====== DATA BLOCK ======
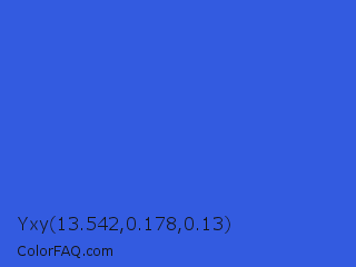 Yxy 13.542,0.178,0.13 Color is a normal blue color and the nearest color is Royal Blue #4169e1. Hex code #335be0 and RGB value is rgb(51,91,224). In RGB color space, this color is composed of 20% red, 36% green, 88% blue, In CMYK color space, this color is composed of 77% cyan, 59% magenta, 0% yellow , 12% black , In HSL color space, this color has a hue angle of 226° , 74% saturation and 54% lightness.
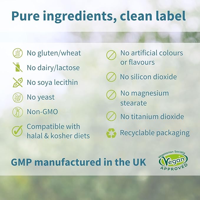 - PURE & CLEAN: vegan; non-GMO; hypoallergenic ingredients with no unpleasant fillers (silicon dioxide, magnesium stearate or titanium dioxide); natural taste with no added flavors. Lab verified, GMP manufactured in the UK
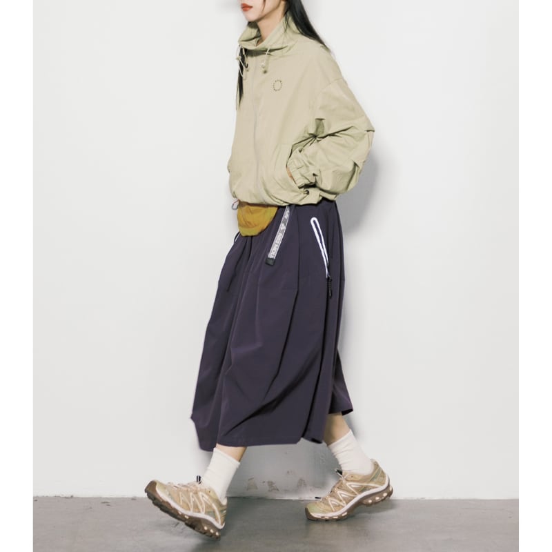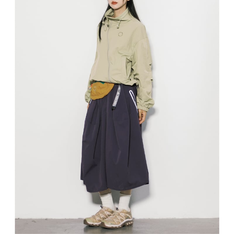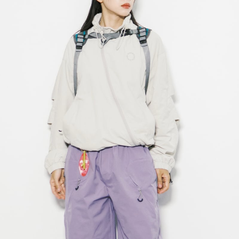 アシンメトリーなフロントジップとドロップショルダーが特徴のマウンテンジャケット。
======
WHAT YOU WILL DO »
Would you copy all of the data exactly? Keep the pictures out of it.

WRITTEN ANSWER »
 Yxy 13.542,0.178,0.13 Color is a normal blue color and the nearest color is Royal Blue #4169e1. Hex code #335be0 and RGB value is rgb(51,91,224). In RGB color space, this color is composed of 20% red, 36% green, 88% blue, In CMYK color space, this color is composed of 77% cyan, 59% magenta, 0% yellow , 12% black , In HSL color space, this color has a hue angle of 226° , 74% saturation and 54% lightness.
 - PURE & CLEAN: vegan; non-GMO; hypoallergenic ingredients with no unpleasant fillers (silicon dioxide, magnesium stearate or titanium dioxide); natural taste with no added flavors. Lab verified, GMP manufactured in the UK
 アシンメトリーなフロントジップとドロップショルダーが特徴のマウンテンジャケット。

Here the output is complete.